An autonomous sweet pepper harvesting robot must perform several tasks to successfully harvest a fruit. Due to the highly unstructured environment in which the robot operates and the presence of occlusions, the current challenges are to improve the detection rate and lower the risk of losing sight of the fruit while approaching the fruit for harvest. Therefore, it is crucial to choose the best approach direction with least occlusion from obstacles.
The value of ideal information regarding the best approach direction was evaluated by comparing it to a method attempting several directions until successful harvesting is performed. A laboratory experiment was conducted on artificial sweet pepper plants using a system based on eye-in-hand configuration comprising a 6DOF robotic manipulator equipped with an RGB camera.
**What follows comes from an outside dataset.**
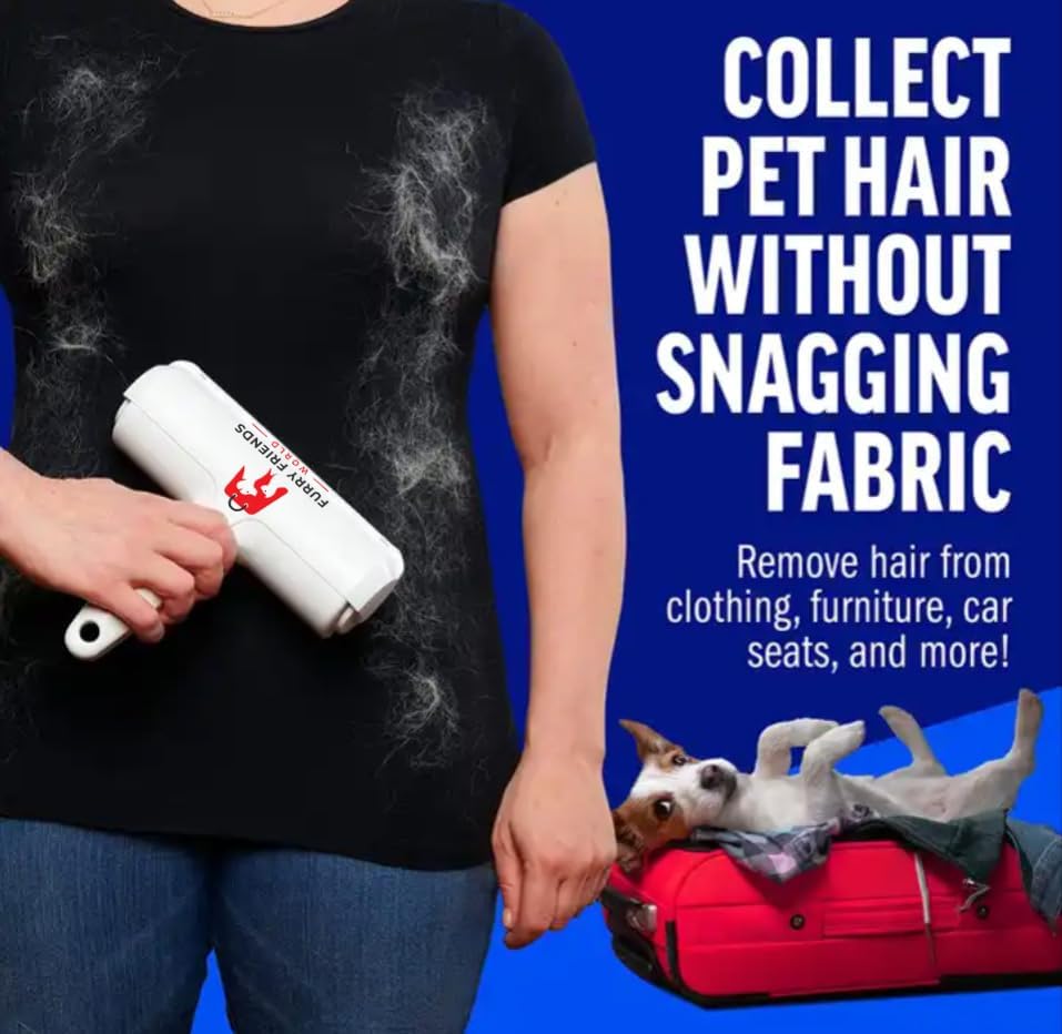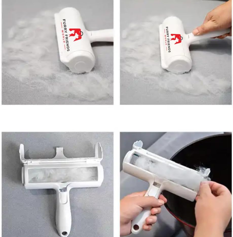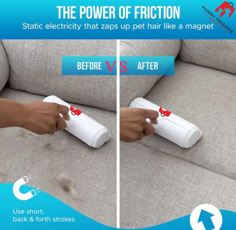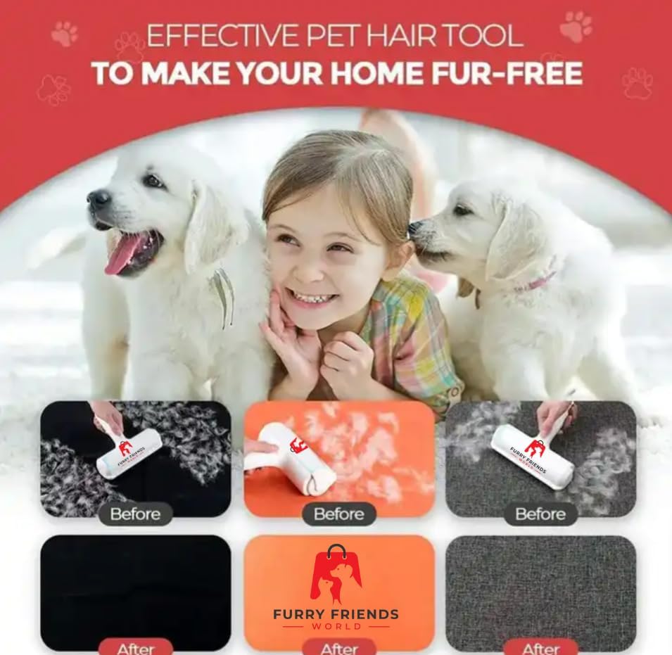 Say goodbye to pesky pet hair with the ultimate pet hair roller! Unlike traditional lint rollers, this reusable marvel is a game-changer for dog and cat hair removal. Effortlessly tackle fur on furniture, rugs, and more. Whether it's your couch, car, or carpet, this essential tool is a must-have for pet owners and lovers alike. Pet Hair Removal By Furry Friends World Offers Strong, Durable and Reusable Lint Roller for Cat and Dog Hair Remover. ON Furniture, Couch, Carpet, Clothing and Bedding. Its Portable and Designed For Multi-Surface Fur Removal.

The performance is evaluated in laboratorial conditions using both descriptive statistics of the average harvesting times and harvesting success as well as regression models. The results show roughly 40–45% increase in average harvest time when no a-priori information of the correct harvesting direction is available with a nearly linear increase in overall harvesting time for each failed harvesting attempt. The variability of the harvesting times grows with the number of approaches required, causing lower ability to predict them.
Tests show that occlusion of the front of the peppers significantly impacts the harvesting times. The major reason for this is the limited workspace of the robot often making the paths to positions to the side of the peppers significantly longer than to positions in front of the fruit which is more open.